In the tail end of 2018, Altria made headlines when it invested $1.8 billion in Cronos Group (NASDAQ:CRON). But once was massive optimism has faded this year. Did Altria make a mistake?
I don’t think so. Marijuana firms have suffered because of legal and administrative challenges beyond their control. But once these obstacles fade, cannabis should rise. Therefore, I wouldn’t give up yet on MO stock.
AMC Entertainment (AMC)
If you’re basing your dividend stocks to buy on irrelevancy, AMC Entertainment (NYSE:AMC) would probably jump to the top of the list. When you have streaming companies like Netflix (NASDAQ:NFLX) dominating in-home entertainment, AMC stock seems anachronistic. Also, it doesn’t help that the company’s cineplexes are almost always located in shopping centers, which themselves are fading.

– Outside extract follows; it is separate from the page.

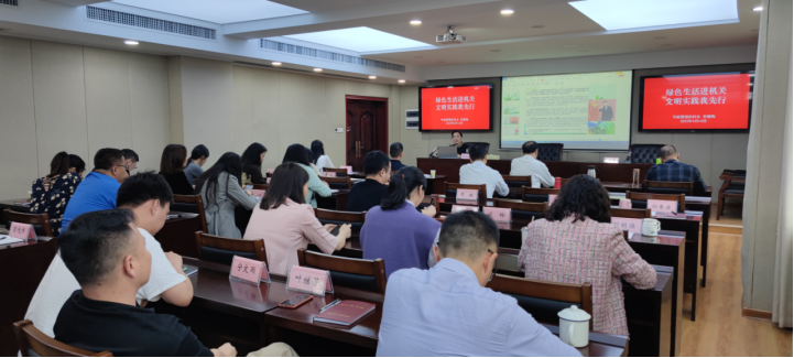 (图为“绿色生活进机关”专题辅导讲课现场)
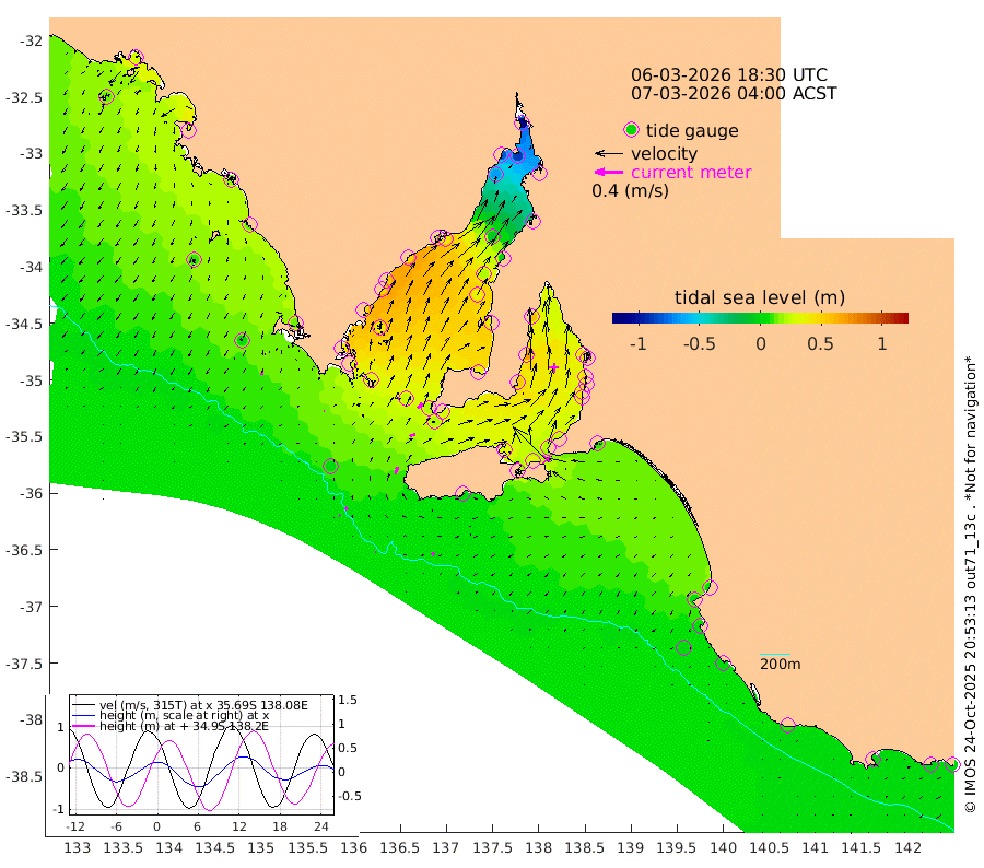 1cm/s -50T +10cm/s rms + 5cm/s 114T. SAM1DS 520m 0cm/s 64T +13cm/s rms + 5cm/s -36T. SAM2CP 100m 4cm/s 48T +21cm/s rms + 18cm/s 142T. SAM3MS 168m 4cm/s -138T +22cm/s rms + 0cm/s -30T. SAM4CY 117m 4cm/s -157T +23cm/s rms + 2cm/s 99T. SAM5CB 94m 9cm/s 68T +8cm/s rms + 3cm/s -172T. SAM6IS 83m 2cm/s 65T +11cm/s rms + 7cm/s 150T. SAM7DS 519m 9cm/s 43T +10cm/s rms + 2cm/s 87T. SAM8SG 47m 10cm/s 16T +20cm/s rms + 12cm/s -168T. NRSKAI 101m -1cm Warrnambool 0cm Port Fairy 0cm Portland 8cm Port Macdonnell 0cm Beachport 3cm Cape Rabelais (off) 4cm Robe 7cm Cape Jaffa 7cm Kingston 8cm Victor Harbor 1cm Vivonne Bay 30cm Kingscote 23cm American River 30cm Penneshaw 21cm Cape Jervis 24cm Second Valley 38cm Port Noarlunga 40cm Port Stanvac 38cm Brighton 43cm Glenelg 43cm Port Adelaide (Outer Harbor) 7cm Angus Inlet (Garden Island) 58cm Ardrossan 68cm Port Vincent 55cm Port Giles 28cm Stenhouse Bay 22cm Althorpe Island 21cm Pondalowie Bay 37cm Point Turton 37cm Port Victoria 36cm Cape Elizabeth 22cm Tiparra Reef Light -3cm Wallaroo -6cm Middle Bank -26cm Port Broughton -107cm Port Pirie -118cm Red Cliff Point (Beacon 5) -89cm Port Bonython -80cm Whyalla -65cm Western Shoal Beacon 15cm Franklin Harbor 38cm Franklin Harbor Entrance Beacon 46cm Arno Bay 56cm Port Neill 50cm Cape Hardy 49cm Tumby Bay 38cm Reevesby Island 40cm Port Lincoln 27cm Taylors Landing 33cm Whalers Bay 23cm Wedge Island Mooring 3cm Shelf Edge Mooring 15cm Coffin Bay Entrance Beacon 5cm Greenly Island 14cm Elliston 11cm Pearson Island 18cm Venus Bay 31cm Blanche Port (Streaky Bay) 26cm Thevenard 15cm St Francis Island

So why gamble on AMC stock, especially since it has lost so much money? Unlike other risky names, I know the pain because my stake isn’t in the black. However, I genuinely believe that the markets are overreacting to bad news. For instance, it’s not the company’s fault that most of this year’s top draws will be released toward the latter end of this year.
Beyond that, AMC stock offers an experience that you can’t replicate in the living room. And relative to other forms of entertainment, the box office is cheap. That’s going to play a major role if the economy stumbles into a recession.
As of this writing, Josh Enomoto is long T stock and AMC stock.